**Assigned task**
Only the lines below between the one holding "mkdir ~/Sites $" and the one holding "Armfield 51cm Semi-Flush", inclusive, are to be reproduced word for word; the pictures are to be left out.

**Records to process**
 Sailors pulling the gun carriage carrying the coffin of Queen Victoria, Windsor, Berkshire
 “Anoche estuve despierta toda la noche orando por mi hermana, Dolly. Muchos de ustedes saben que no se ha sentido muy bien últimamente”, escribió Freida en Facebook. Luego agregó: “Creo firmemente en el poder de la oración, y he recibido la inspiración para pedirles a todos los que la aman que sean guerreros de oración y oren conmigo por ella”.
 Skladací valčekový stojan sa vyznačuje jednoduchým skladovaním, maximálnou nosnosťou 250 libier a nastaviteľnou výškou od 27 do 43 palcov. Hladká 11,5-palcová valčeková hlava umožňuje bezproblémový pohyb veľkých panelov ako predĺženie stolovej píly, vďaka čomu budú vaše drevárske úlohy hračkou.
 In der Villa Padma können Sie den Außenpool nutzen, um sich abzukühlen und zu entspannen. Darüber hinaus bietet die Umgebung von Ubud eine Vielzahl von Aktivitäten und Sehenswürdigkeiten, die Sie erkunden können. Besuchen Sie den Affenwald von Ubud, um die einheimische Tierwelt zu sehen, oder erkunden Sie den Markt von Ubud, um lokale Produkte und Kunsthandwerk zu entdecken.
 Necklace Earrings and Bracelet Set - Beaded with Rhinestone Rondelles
...
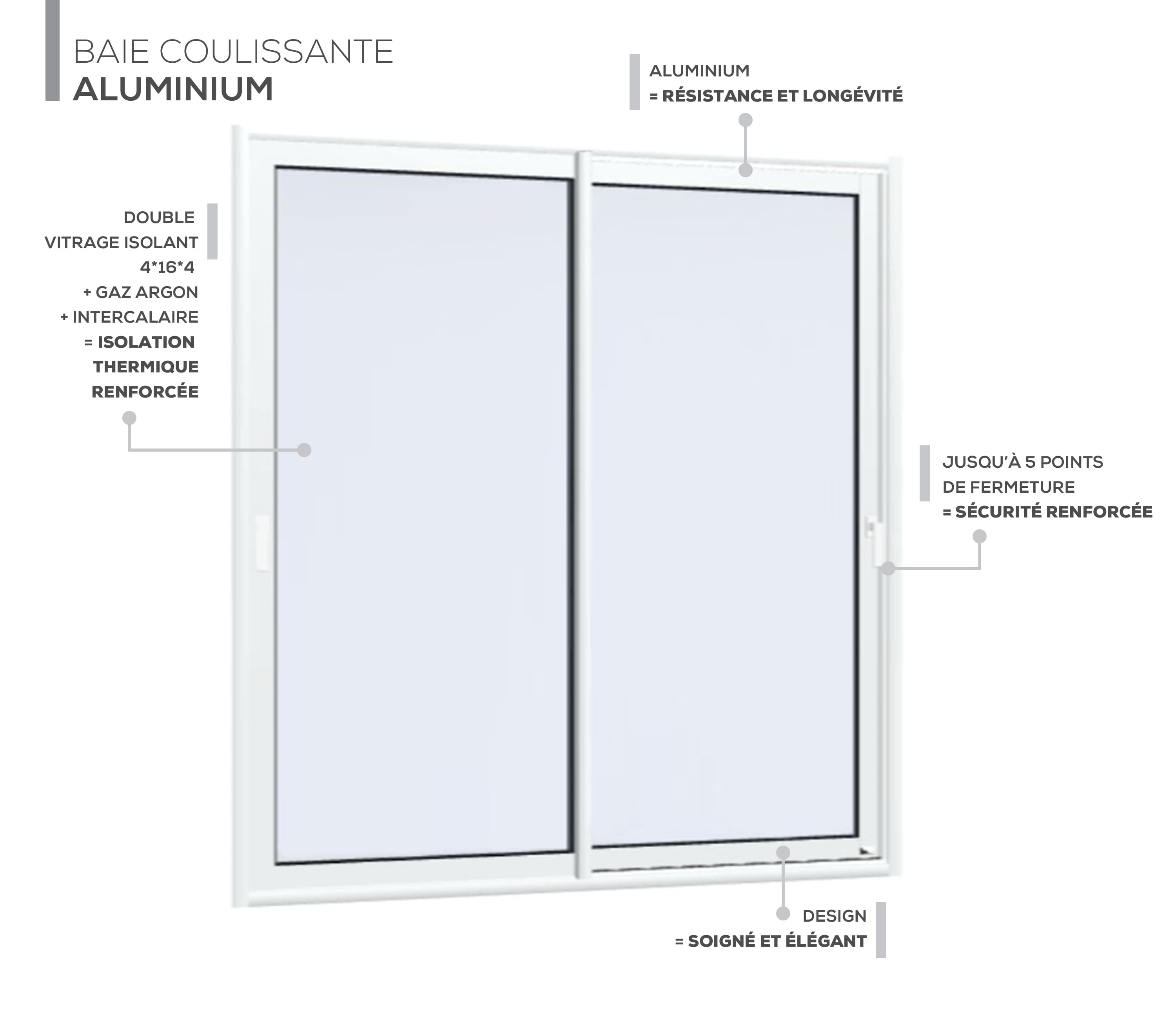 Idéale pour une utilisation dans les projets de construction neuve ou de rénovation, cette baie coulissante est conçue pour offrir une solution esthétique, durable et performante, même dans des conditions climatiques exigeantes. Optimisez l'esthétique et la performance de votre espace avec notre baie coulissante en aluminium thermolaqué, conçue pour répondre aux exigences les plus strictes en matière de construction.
---
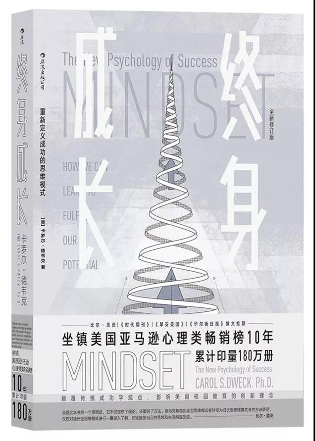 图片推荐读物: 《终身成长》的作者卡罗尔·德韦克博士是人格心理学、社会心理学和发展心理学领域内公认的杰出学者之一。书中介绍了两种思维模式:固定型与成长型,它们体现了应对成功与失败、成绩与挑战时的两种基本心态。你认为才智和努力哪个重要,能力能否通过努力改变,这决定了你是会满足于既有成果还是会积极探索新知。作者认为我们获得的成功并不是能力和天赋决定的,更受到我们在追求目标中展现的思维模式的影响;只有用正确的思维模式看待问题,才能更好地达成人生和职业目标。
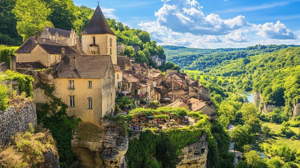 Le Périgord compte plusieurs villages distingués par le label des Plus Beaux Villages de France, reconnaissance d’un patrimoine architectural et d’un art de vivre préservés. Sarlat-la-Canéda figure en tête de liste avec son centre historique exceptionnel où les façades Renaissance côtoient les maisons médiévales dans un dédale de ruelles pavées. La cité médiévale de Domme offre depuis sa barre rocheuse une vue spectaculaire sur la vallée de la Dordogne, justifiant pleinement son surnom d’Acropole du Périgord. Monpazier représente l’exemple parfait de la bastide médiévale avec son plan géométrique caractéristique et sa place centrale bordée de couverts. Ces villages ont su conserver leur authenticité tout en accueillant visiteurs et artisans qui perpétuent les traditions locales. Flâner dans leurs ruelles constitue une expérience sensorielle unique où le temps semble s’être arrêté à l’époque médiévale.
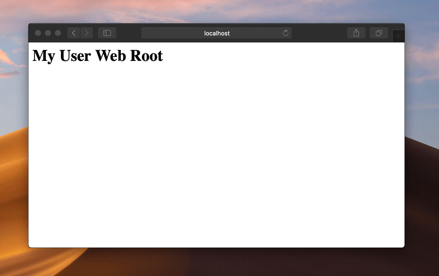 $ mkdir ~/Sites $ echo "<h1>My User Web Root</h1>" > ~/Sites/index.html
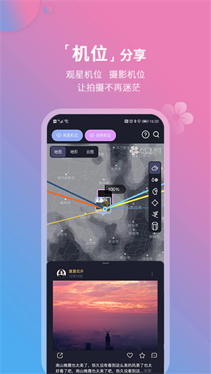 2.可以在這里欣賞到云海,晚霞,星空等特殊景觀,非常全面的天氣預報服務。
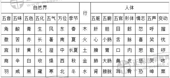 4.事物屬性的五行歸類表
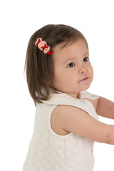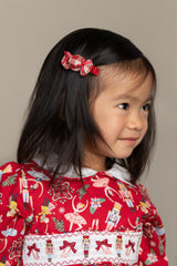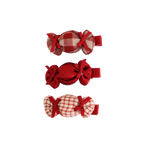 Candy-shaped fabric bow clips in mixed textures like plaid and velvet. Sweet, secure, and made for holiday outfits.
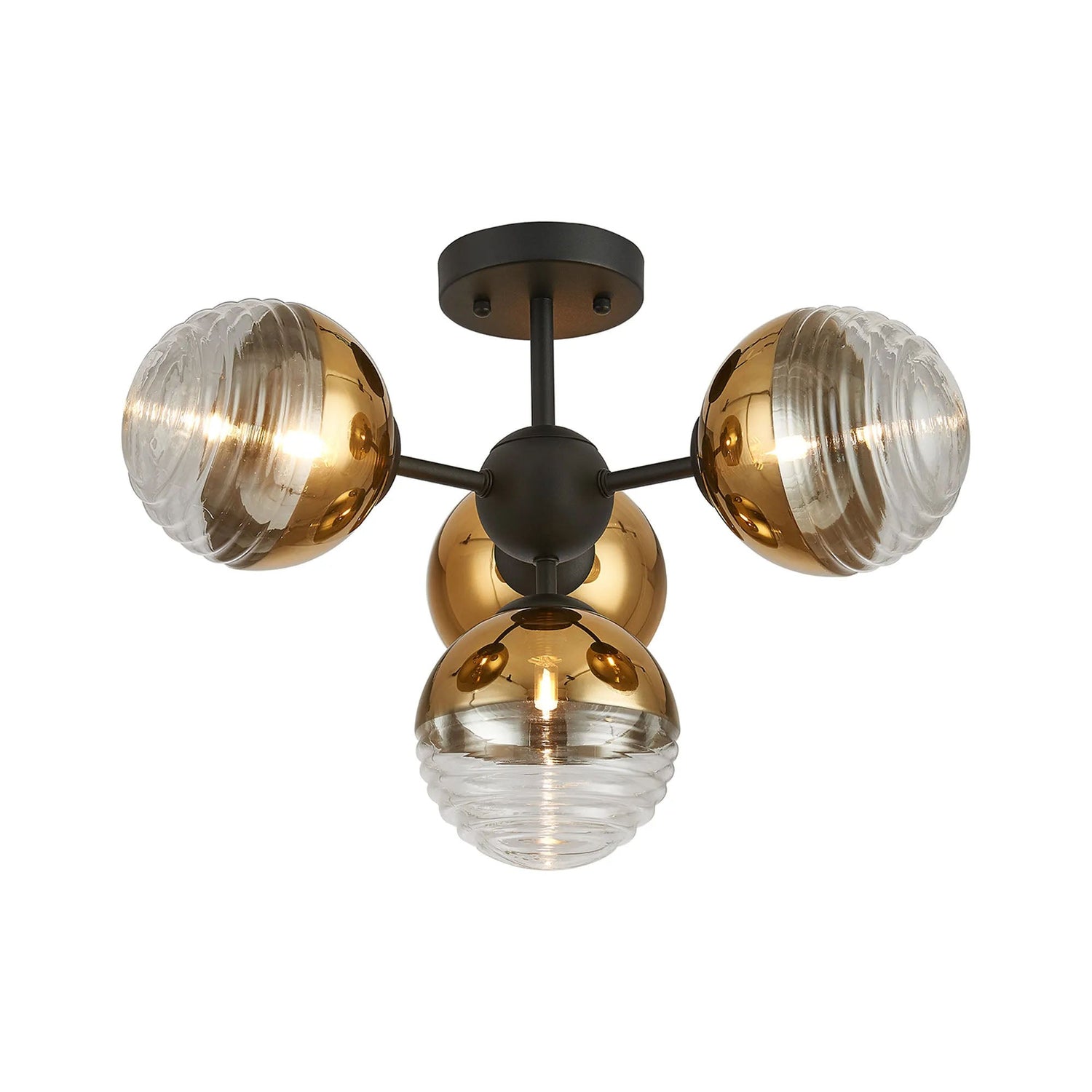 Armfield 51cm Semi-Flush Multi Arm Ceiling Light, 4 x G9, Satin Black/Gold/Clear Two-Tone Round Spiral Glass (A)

**Response area**
 $ mkdir ~/Sites $ echo "<h1>My User Web Root</h1>" > ~/Sites/index.html
 2.可以在這里欣賞到云海,晚霞,星空等特殊景觀,非常全面的天氣預報服務。
 4.事物屬性的五行歸類表
 Candy-shaped fabric bow clips in mixed textures like plaid and velvet. Sweet, secure, and made for holiday outfits.
 Armfield 51cm Semi-Flush Multi Arm Ceiling Light, 4 x G9, Satin Black/Gold/Clear Two-Tone Round Spiral Glass (A)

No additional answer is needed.